Work to complete:
Omit the pictures. Transcribe exactly the lines below, from the one with "utilicé el patern" up to and including the last.

Collected material:
%%
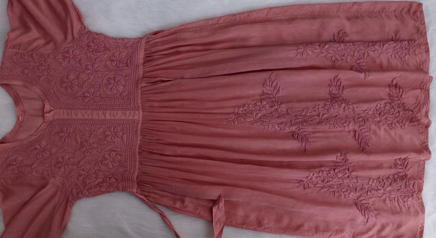 Rose Brown Long pure Muslin Fit and flare dress with Premium placement chikankari in Floral & Paisley to accentuate the look even more.
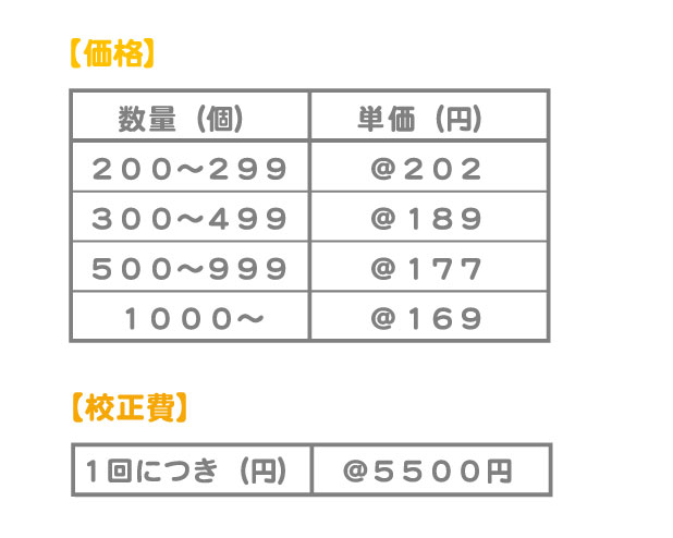 ※ 上記以外の数量は別途お見積りとなります
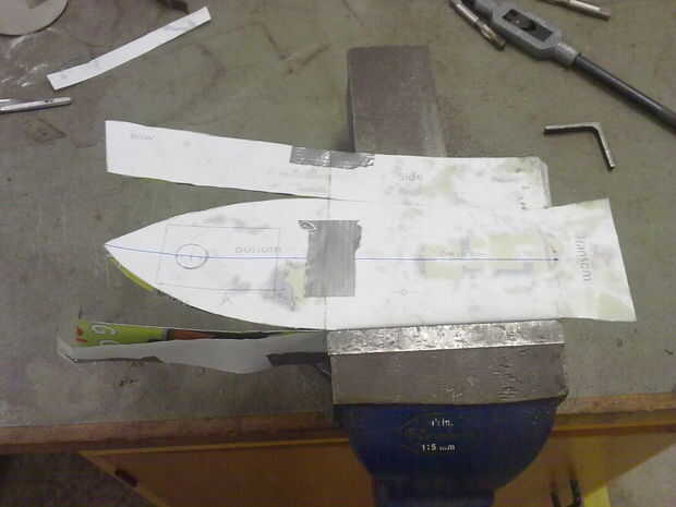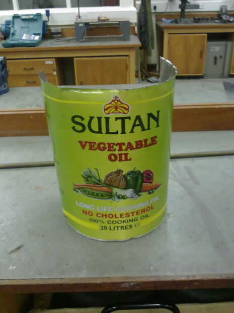 utilicé el patern de casco de un sitio web de barco pop pop que utiliza el acero de un tambor de aceite vegetal. El tambor fue abierto con un abrelatas y una hoja plana fue extraída usando un pait de esquileos de metal. El patern se imprimió y pegada en el metal con un palo de pegamento tack bajo y corte usando tijeras. El golpeteo entonces fue quitado y todos los pliegues antes del casco fue sellada con abundante cantidad de areldite.
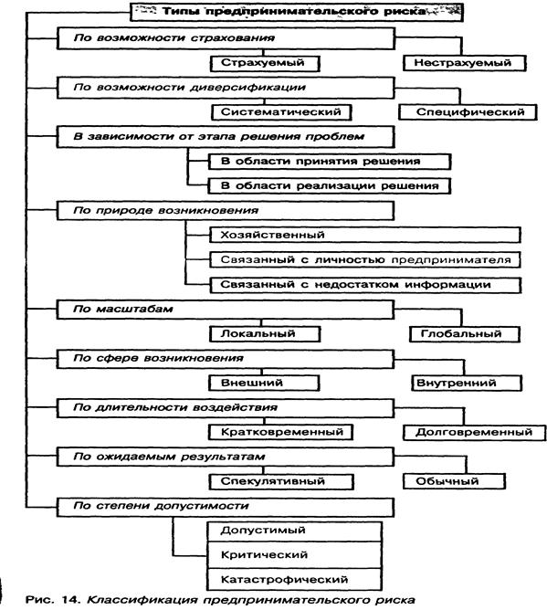 Поскольку основная задача предпринимателя – рисковать расчетливо, не переходя ту грань, за которой может произойти полный крах, следует выделять допустимый, критический и катастрофический типы риска. Допустимый риск – это угроза неполной потери прибыли от осуществления (неосуществления) того или иного проекта или от предпринимательской деятельности в целом. При данном риске потери возможны, но по размеру они меньше ожидаемой предпринимательской прибыли. Критический риск характеризуется не только потерей прибыли, но и недополучением предполагаемой выручки. В этом случае предприниматель несет убытки в сумме всех затрат, т.е. данный риск характеризуется опасностью потерь, которые превышают ожидаемую прибыль и могут привести к невозмещаемой потере всех средств, вложенных предпринимателем в данную сделку. Катастрофический риск, как правило, приводит к банкротству предпринимательской фирмы, т.е. к потере предпринимателем всех средств.
%%
Exercise response:
 utilicé el patern de casco de un sitio web de barco pop pop que utiliza el acero de un tambor de aceite vegetal. El tambor fue abierto con un abrelatas y una hoja plana fue extraída usando un pait de esquileos de metal. El patern se imprimió y pegada en el metal con un palo de pegamento tack bajo y corte usando tijeras. El golpeteo entonces fue quitado y todos los pliegues antes del casco fue sellada con abundante cantidad de areldite.
 Поскольку основная задача предпринимателя – рисковать расчетливо, не переходя ту грань, за которой может произойти полный крах, следует выделять допустимый, критический и катастрофический типы риска. Допустимый риск – это угроза неполной потери прибыли от осуществления (неосуществления) того или иного проекта или от предпринимательской деятельности в целом. При данном риске потери возможны, но по размеру они меньше ожидаемой предпринимательской прибыли. Критический риск характеризуется не только потерей прибыли, но и недополучением предполагаемой выручки. В этом случае предприниматель несет убытки в сумме всех затрат, т.е. данный риск характеризуется опасностью потерь, которые превышают ожидаемую прибыль и могут привести к невозмещаемой потере всех средств, вложенных предпринимателем в данную сделку. Катастрофический риск, как правило, приводит к банкротству предпринимательской фирмы, т.е. к потере предпринимателем всех средств.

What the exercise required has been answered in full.